This simulation example demonstrates how to conduct a permutation-based test for a partial regression coefficient in a multiple linear regression model.
# Load Libraries
library(knitr)
library(mosaic)
library(ggplot2)
library(MASS)
# Set knitr options
opts_chunk$set(fig.width = 6, fig.height=5)
# Clear Environment (optional)
remove(list=ls())
# Set seed
set.seed(314159)
Here we will consider a simple simulation where a response variable, y, is related to two predictor variables, x1 and x2. The predictors are themselves correlated. We will illustrate a simple permutation-based test for the effect of x1, adjusted for x2.
Steps:
Simulation parameters
Sigma <- matrix(c(10,3,3,2),2,2)
Beta <- c(0.2, -0.5)
Create correlated predictors
X<- mvrnorm(n = 100, rep(0, 2), Sigma)
cor(X)
## [,1] [,2]
## [1,] 1.0000000 0.6054432
## [2,] 0.6054432 1.0000000
Form response variables
y<-X%*%Beta+rnorm(100,0,2)
Mydata<-data.frame(y=y, x1=X[,1], x2=X[,2])

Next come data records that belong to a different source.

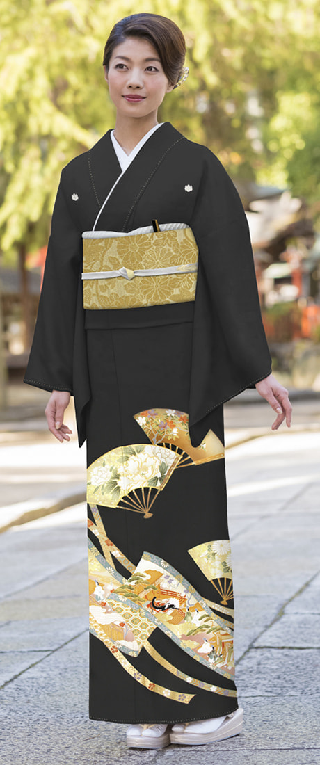 黒留袖の柄は、扇面に王朝熨斗文様です。
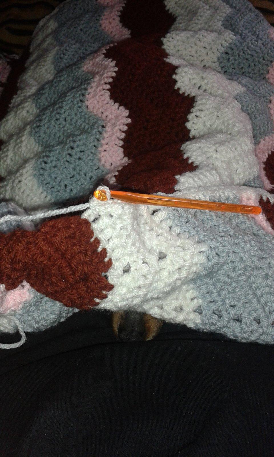 Dokončuji deku a pan pes se pod ni nasomroval. Za dva měsíce už dostane do zubů 🙂. Mimi se asi nebude tahle poloha líbit.
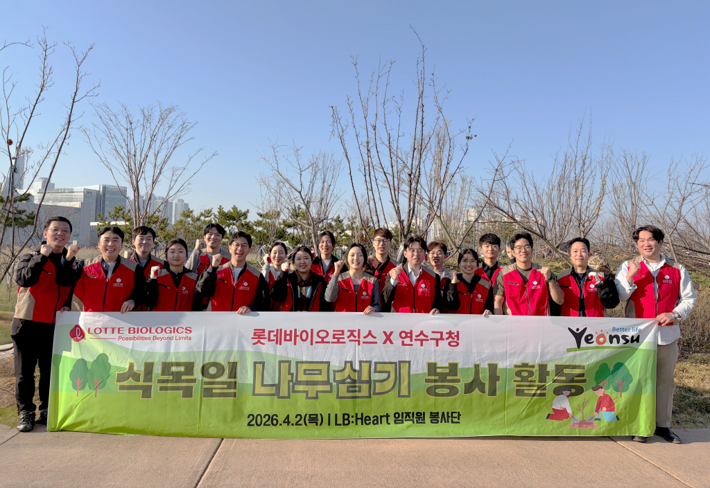 현장에는 연수구청 관계자와 지역 주민, 롯데바이오로직스 임직원 봉사단 ‘LB:Heart’ 등 약 400명이 참여했다. 참가자들은 연수구 첨단산업클러스터 근린공원 일대에 벚나무 250여 그루를 식재했다.
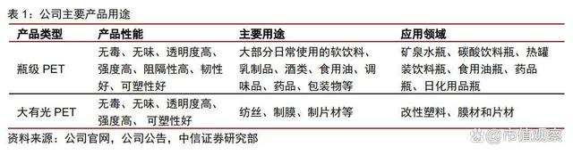 國內(nèi)瓶級PET龍頭,成立于2008年,主營聚酯材料的研發(fā)、生產(chǎn)和銷售等業(yè)務(wù),主要產(chǎn)品有瓶級PET、大有光PET、光伏背板基材PET和其他PET等,可廣泛應(yīng)用于礦泉水瓶、碳酸飲料瓶、熱罐裝飲料瓶、藥品瓶、日化用品瓶、食用油瓶、改性塑料、膜材和片材等眾多領(lǐng)域。
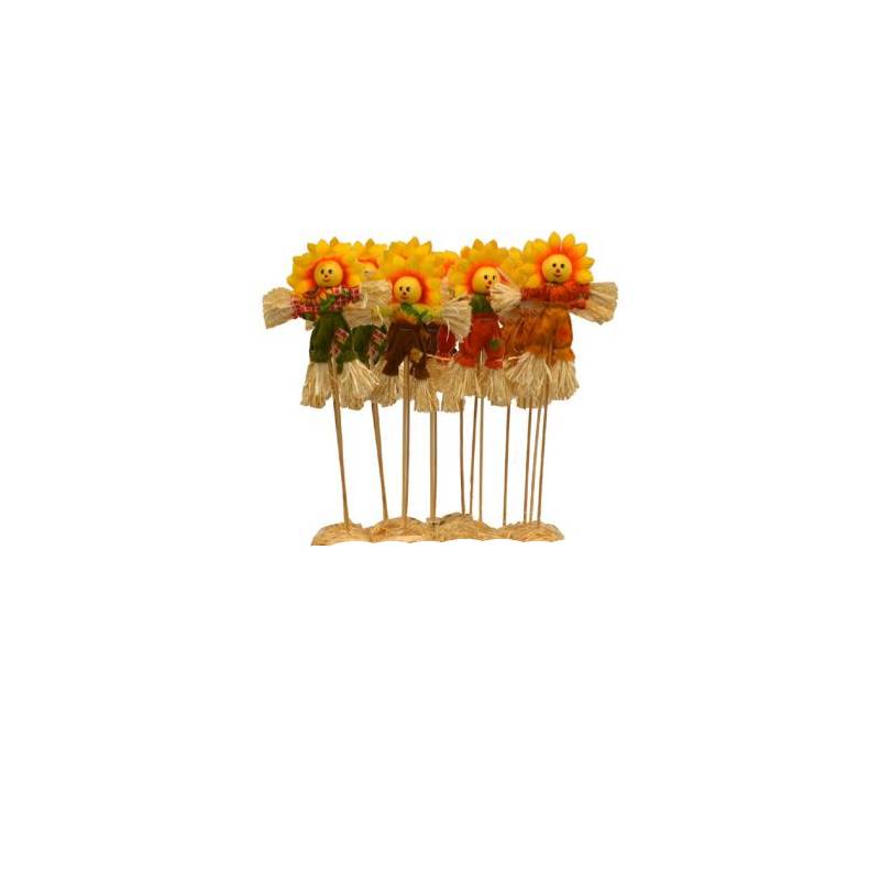 Sunflower Head Scarecrow Fall Halloween Decoration features a 10″ wooden stick. Use it in fall flower arrangements, and centerpieces!
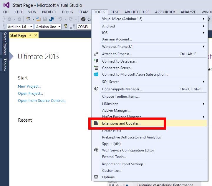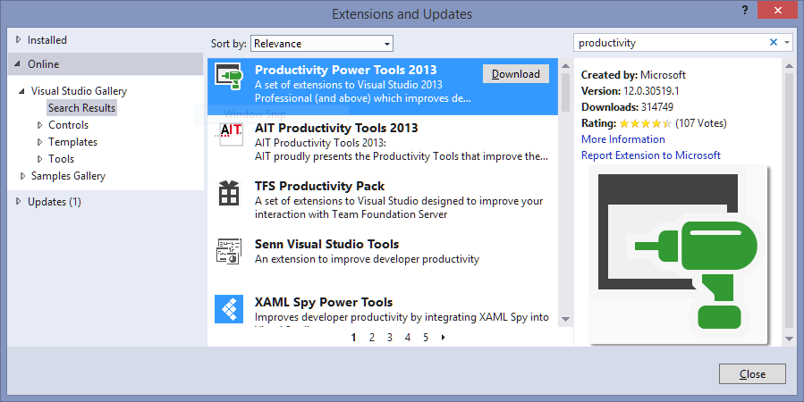 You can install it from the page in the Visual Studio Gallery but the easiest way is to just have Visual Studio kick off the process for you. Select “Extensions and Updates” in the Tools menu.
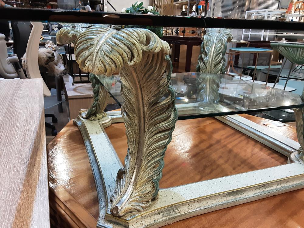 TABLE BASSE CARRÉE PIEDS FEUILLES ET PLATEAUX VERRES

Fit regression model to the data
lmsim<-lm(y~x1+x2, data=Mydata)
summary(lmsim)
##
## Call:
## lm(formula = y ~ x1 + x2, data = Mydata)
##
## Residuals:
## Min 1Q Median 3Q Max
## -4.9605 -1.3618 -0.1088 1.2206 5.3751
##
## Coefficients:
## Estimate Std. Error t value Pr(>|t|)
## (Intercept) -0.05740 0.21377 -0.269 0.78888
## x1 0.18488 0.08781 2.105 0.03783 *
## x2 -0.66629 0.20420 -3.263 0.00152 **
## ---
## Signif. codes: 0 '***' 0.001 '**' 0.01 '*' 0.05 '.' 0.1 ' ' 1
##
## Residual standard error: 2.134 on 97 degrees of freedom
## Multiple R-squared: 0.09913, Adjusted R-squared: 0.08056
## F-statistic: 5.337 on 2 and 97 DF, p-value: 0.006326
Step 1: capture the part of x1 that is not related to x2
lm1<-lm(x1~x2, data=Mydata)
Mydata<-Mydata %>% mutate(x1resid=lm1$resid)
Demonstrate that using the residuals here results in the same coefficient, standard error, t-statistic and p-value for x1 as in our original regression (lmsim)
lmsim2<-lm(y~x1resid+x2, data=Mydata)
summary(lmsim2)
##
## Call:
## lm(formula = y ~ x1resid + x2, data = Mydata)
##
## Residuals:
## Min 1Q Median 3Q Max
## -4.9605 -1.3618 -0.1088 1.2206 5.3751
##
## Coefficients:
## Estimate Std. Error t value Pr(>|t|)
## (Intercept) -0.04442 0.21368 -0.208 0.8358
## x1resid 0.18488 0.08781 2.105 0.0378 *
## x2 -0.40599 0.16252 -2.498 0.0142 *
## ---
## Signif. codes: 0 '***' 0.001 '**' 0.01 '*' 0.05 '.' 0.1 ' ' 1
##
## Residual standard error: 2.134 on 97 degrees of freedom
## Multiple R-squared: 0.09913, Adjusted R-squared: 0.08056
## F-statistic: 5.337 on 2 and 97 DF, p-value: 0.006326
Store the t-statistic for x1 from this model
(tstat<-summary(lmsim)$coefficients[2,3])
## [1] 2.105456
Step 2: create the permutation distribution
randsims<-do(10000)*{
lmrand<-lm(y~shuffle(x1resid)+x2, data=Mydata)
summary(lmrand)$coefficients[2,3]
}
head(randsims)
## result
## 1 0.3131506
## 2 0.6579098
## 3 0.7203800
## 4 -0.2128813
## 5 -0.5701575
## 6 0.3548467
Plot the randomization distribution with our original statistic
histogram(~result, data=randsims, v=tstat, col="gray")
Determine our p-value
prop(~I(abs(result)>=tstat), data=randsims)
## prop_TRUE
## 0.0393
The permutation-based approach allows us to relax the Normality assumption. Our randomization-based p-value is really similar to the p-value of the original t-test. This result is not surprising given that the assumptions of linear regression (constant variance, normality, linearity) all hold in the simulation example.